An atypical femur fracture (AFF) is called “atypical” because of the location and condition of the fracture. AFFs start as a weakening of the outer rim of the femur below the hip area. The tiny crack that occurs is a kind of stress fracture, but unlike stress fractures in people who overdo exercise training, this fracture occurs with regular life activities. An AFF is also different from more common osteoporosis fractures that happen after a single injury – like a fall; AFFs develop slowly from repeated, normal activities. In about 2 of the 3 people who get an AFF, there are warning signals that occur over many weeks to months before the bone breaks. If nothing is done about the early warning signs, the crack continues to grow and eventually the thigh bone breaks in two.
The warning sign of AFF is an aching pain in the groin or thigh.
How are osteoporosis drugs related to atypical femur fractures?
AFFs have been reported in people using certain osteoporosis drugs that are antiresorptive, reducing bone turnover. The list includes alendronate (Fosamax®), risedronate (Actonel®, Atelvia®), ibandronate (Boniva®), zoledronate (Reclast®, Zometa®) and denosumab (Prolia®). Although some people get an AFF without ever taking one of these drugs, there are concerns that long term use of antiresorptives is a major cause of the fracture. In nearly 85% of AFF cases, an antiresorptive drug was being used, usually for longer than 4 years. Also, the AFF risk seems to double for every extra year of antiresorptive drug use. However, when people stop using the drug, the risk is cut in half for each following year.
In particular, Asian women seem to be at higher risk of an AFF when they take an antiresorptive drug.
Should I worry about atypical femur fractures if I take osteoporosis drugs?

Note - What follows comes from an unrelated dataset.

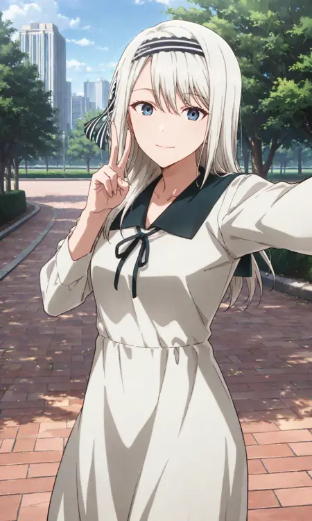 keimv, 1girl, solo, long hair, blue eyes, striped hairband, white hair,

For individuals at high risk of having an osteoporotic fracture, there is a net benefit from using an osteoporosis drug. Speak with your healthcare provider about a “drug holiday” after 3-4 years of treatment with a bisphosphonate (drug holidays are not recommended with Prolia®).
For individuals at low risk of having an osteoporotic fracture, harm is likely to outweigh benefit. This is because AFFs typically occur in younger, healthy women who are not likely to break a bone from osteoporosis in the near future.
The biggest challenge is for individuals who are at moderate risk of having an osteoporotic fracture. Some might benefit from therapy and some may not. There are many factors that need to be weighed and are best discussed with your healthcare provider.
How do I reduce my risks from treatments?
In almost all of the reported AFF cases, the patients took the osteoporosis drug for four or more years. Because of the strong link to long term use, the FDA has said that antiresorptive drugs should not be taken for more than 4-5 years, unless there is a strong reason to continue. Anyone at high risk of breaking a bone should probably continue.